TARZAN AND "THE FOREIGN LEGION"
Review contributed by Doc
Hermes ERB Reviews
Written in 1944 but not published
until 1947 (and with no magazine serialization), this was the last Tarzan
book by Edgar Rice Burroughs, penned only a few years before his death.
It`s also one of the very best in the entire series.
Stationed as a war correspondent
in Hawaii, Burroughs broke with tradition in many ways with this book.
Where the preceding dozen novels had become increasingly repetitious and
predictable, here there are real surprises. The writing style is crisp,
wry, with sharper pacing and neater characterizaton than had been seen
in years. With this last book, Burroughs seemed to take a fresh look at
his most famous creation and see him from a different angle.
TARZAN AND THE "FOREIGN LEGION"
is set on the country-sized island of Sumatra, where the Japanese forces
have been terrorizing the natives and massacring the Dutch colonists. On
an American bomber doing recon work, our hero is shot down and finds himself
stranded abruptly on Sumatra with a handful of Amrican aviators, soon joined
by a succulent blonde teenager. On one level, the storyline is the basic
plot that had served Burroughs well for many years. Take Tarzan and a few
friends, set up some vicious enemies, throw in some bystanders who could
go either way, and mix them all in a junlgle full of natural dangers and
wild beasts. There`s not exactly a plot as much as there is a succession
of escapes and captures, battles and journeys, with good luck and complete
disaster taking turns.
But against the basic action-filled
narrative line, Burroughs sets the characters interacting with each other
in new and insightful ways. He also loved to match up couples who were
obviously meant to get together and then make them suffer as they had misunderstandings
and tiffs, and he loved to juggle a large cast with wildly differing motivations,
but here he does all this more smoothly and convincingly than ever before.
Most significant is that
this book reveals many of Tarzan`s secrets and shows him in sharper definition.

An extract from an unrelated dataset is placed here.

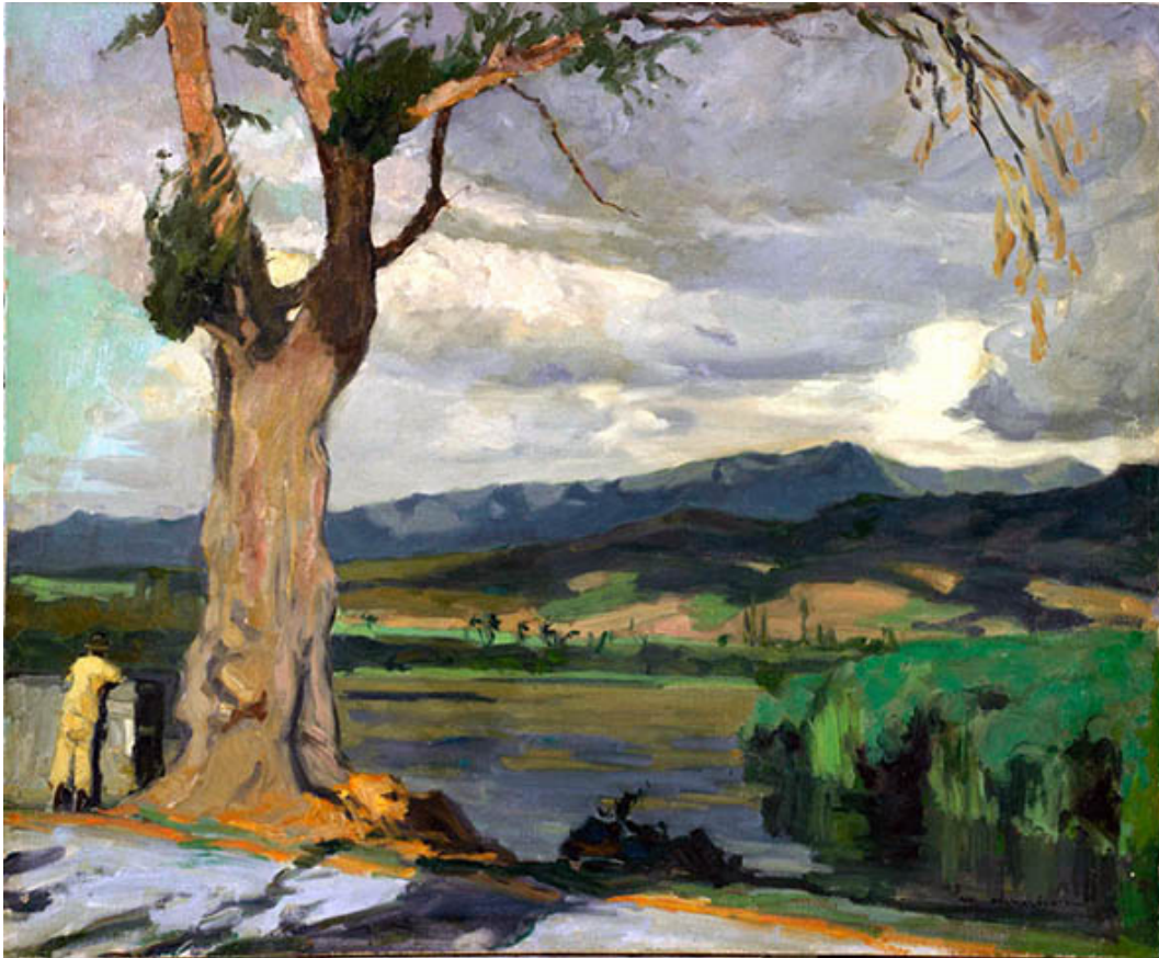
Fig. 4 : M. Ménardeau, « L'étang Saint-Paul », huile sur toile

Saint-Denis, musée Léon Dierx, inv. 1999.02.07, 53,5 x 63,5 cm, 1932 ou 1935

For the first third of the book, he is known to the other characters (and
referred to by the narrator) as Colonel Clayton of the RAF. Obviously,
readers know his true identity but it`s still a stunning moment where it`s
revealed.
Tarzan drops naked from a
tree onto a tiger about to kill his friends and he slays the enormous cat
with his knife (as he has done so many times before). Then he lets loose
a horrifying nonhuman victory cry and glares at his friends, lost for a
moment in his animal nature. They`re frightened and uncertain, until he
shakes if off and almost literally turns back into Clayton. It`s a terrific
moment, one of the most impressive scenes in the series and it would hit
audiences hard if it were put on the screen.
To cap it off, one of the
survivors suddenly recognizes him. ("John Clayton," he said, "Lord Greystoke
--- Tarzan of the Apes!"), leading a slightly dim comrade to ask, "Is dat
Johnny Weismuller?" Later in the story, when his identity is being challenged,
a guerilla fighter says, "And there`s the scar on his forehead that he
got in his fight with the gorilla when he was a boy." This is surprising
and amusing. The genuine Tarzan knows of all the books and Hollywood movies
about him, which in some strange way makes him seem more real.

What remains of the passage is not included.